Un sistema «strutturalmente difettoso», ha dovuto ammettere Bernanke davanti ai politici – messo alle strette dai senatori democratici e repubblicani per una volta in versione bipartisan – che ha avuto come effetto quello di «indebolire la fiducia dei mercati».
Affermazioni pesanti quelle del presidente della Fed, che ha sottolineato come l’allora presidente della Fed di New York, Timothy Geithner, oggi segretario al Tesoro di Barack Obama, aveva informato le autorità competenti e l’Associazione bancaria britannica nel maggio 2008.
Bernanke ha aggiunto che le autorità americane avevano ritenuto che nel 2008, in piena crisi finanziaria, gli operatori della piazza londinese «avessero abbassato il tasso per apparire più forti sul mercato» ma non avevano avuto minimamente il sospetto di manipolazioni costanti per «fare profitti». In ogni caso ora «la risposta della Fed sarà tempestiva».
Uno dei senatori ha chiesto ripetutatamente a Bernanke se «il tasso Libor di oggi sia affidabile», ottenendo risposte evasive miste a suggerimenti di cambiare la procedura oggi in vigore.
Bernanke, ammettendo di non sapere se anche le banche americane sono colpevoli della manipolazione del Libor, come molti osservatori ritengono possibile, ha ritenuto lo scandalo «molto preoccupante», un problema che deve essere affrontato e risolto, riformando il meccanismo che determina il Libor stesso. «L’influenza della Fed sul Libor è limitata» – ha aggiunto Bernanke mettendo in evidenza che la Fed non ha la capacità di modificare la struttura del Libor.
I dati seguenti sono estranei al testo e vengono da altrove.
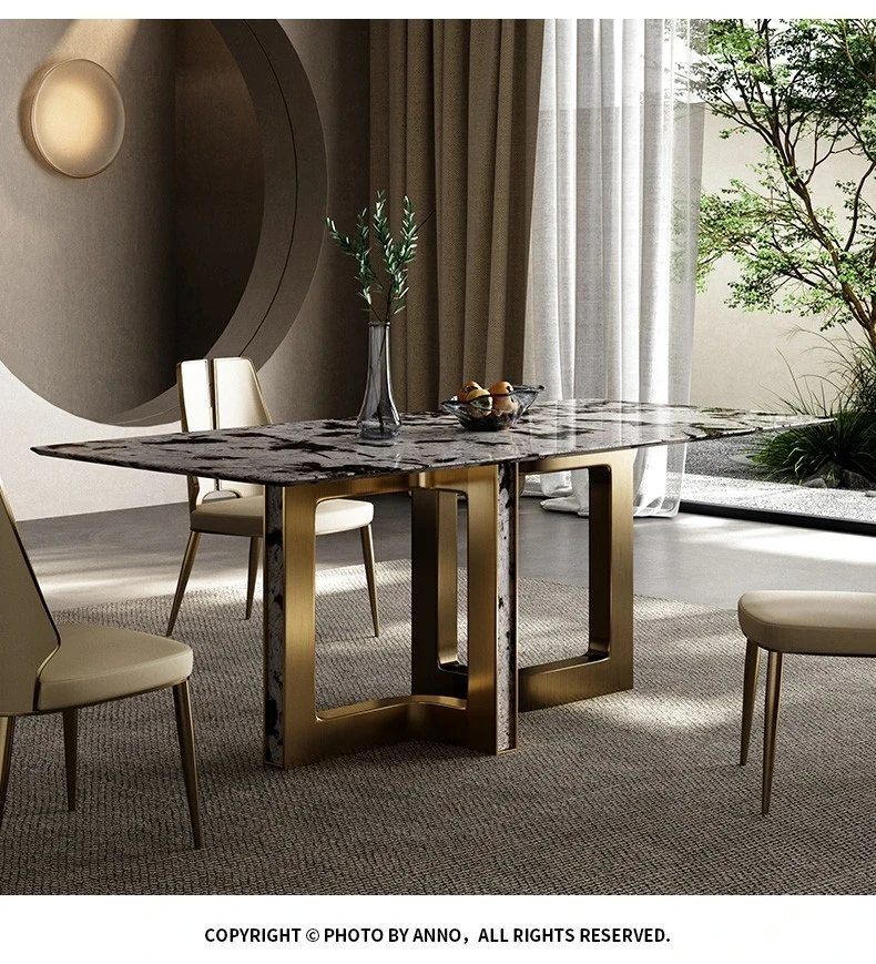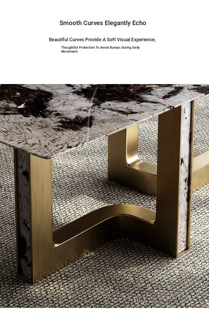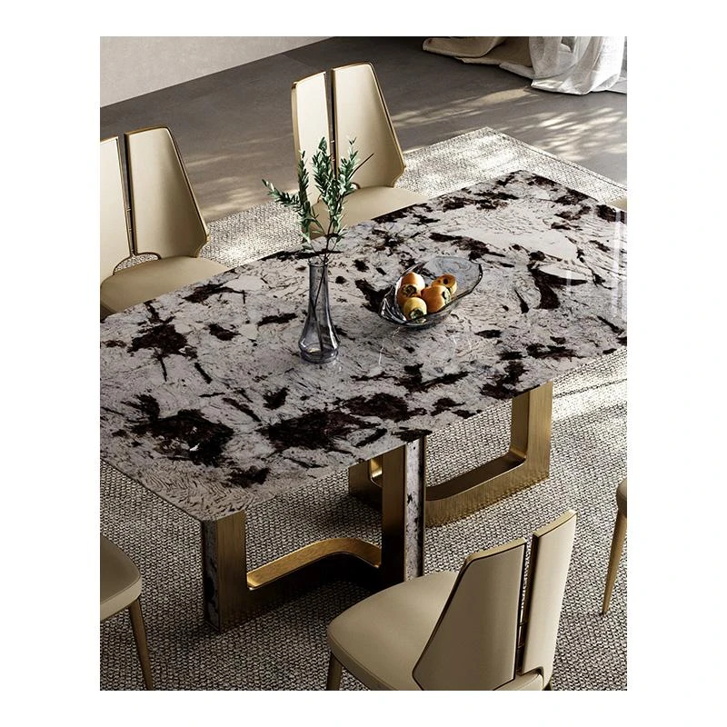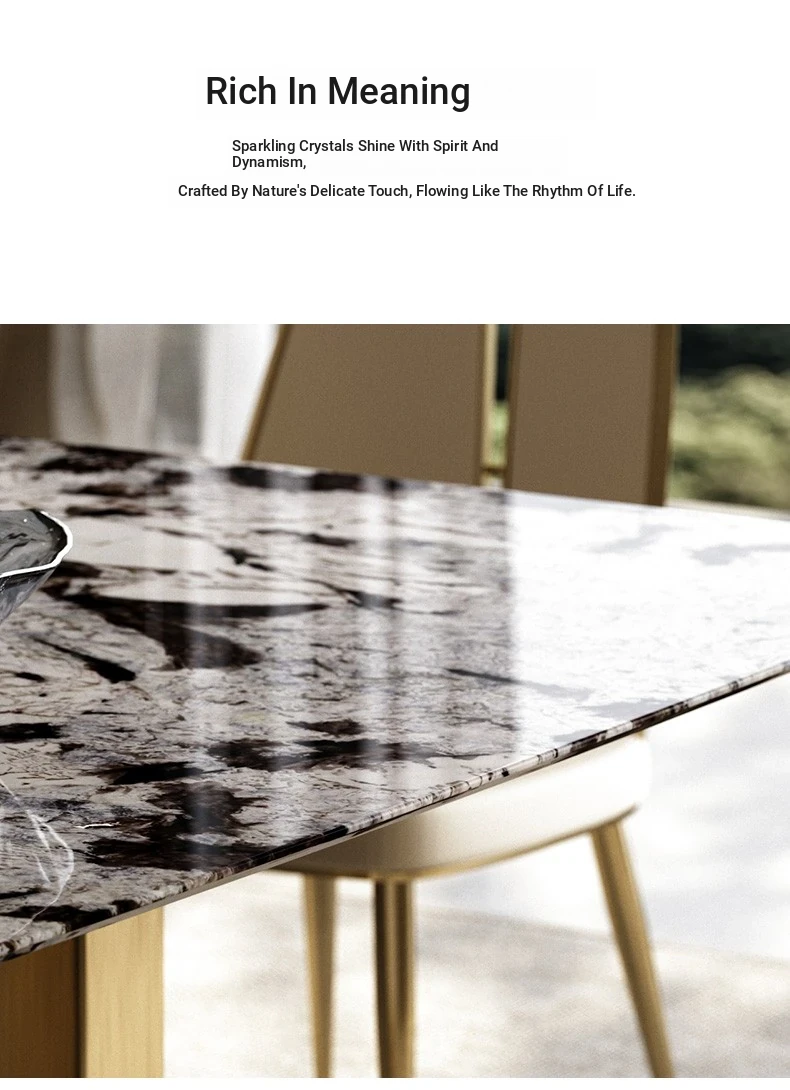 Dining table/78.74in/natural Tianshan Twilight Snow/champagne gold

Il costo della manipolazione del Libor non è ancora chiaro. La Fed sosterrà gli investigatori nel processo del Libor.

Il Libor è un indice che regola un mercato globale di mutui da 10mila miliardi di dollari e contratti di tassi su derivati su 10 valute da 350mila miliardi dollari, dice la CFTC, l’agenzia di vigilanza sui future e derivati americani, presieduta da Gary Gensler. Sono in molti a ritenere che il caso inglese sia solo la punta dell’iceberg.
Uno scandalo così esteso non è possibile – dicono gli analisti – che sia opera di una sola banca perché il meccanismo di rilevamento del Libor prevede che le 4 posizioni più alte e le 4 più basse siano escluse dal conteggio della media. Per questo gli investigatori stanno passando al setaccio l’operato delle altre banche partecipanti tra cui giganti del credito come Royal Bank of Scotland, UBS, Lloyds Banking e Deutsche Bank sempre a caccia di presunti taroccamenti del Libor.
Investigatori che si stanno muovendo anche negli Usa dove i procuratori distrettuali di New York, Connecticut, Massachusetts, Florida e Maryland stanno indagando se i fondi pensione abbiano subìto perdite come risultato della manipolazione del Libor. Il Libor è l’ultimo di una serie di scandali in America. La JP Morgan Chase, la più grande banca degli Stati Uniti ha dovuto ammettere recentemente una perdita di 5,8 miliardi di dollari per aver scommesso sui derivati. Secondo la banca tre trader della filiale di Londra avrebbero cercato di nascondere le perdite sui loro investimenti.
Intanto ieri il fondatore del fondo Peregrine ha ammesso in una lettera d’addio ritrovata dopo il tentato suicidio di aver dirottato parte dei soldi dei clienti per ricapitalizzare una sua finanziaria e pagare delle commissioni.
Infine come non ricordare lo scandalo del mega patteggiamento da 780 milioni di dollari che aveva coinvolto la banca svizzera Ubs, che aveva aiutato alcuni facoltosi clienti statunitensi ad evadere le tasse e ad occultare i propri patrimoni in conti offshore.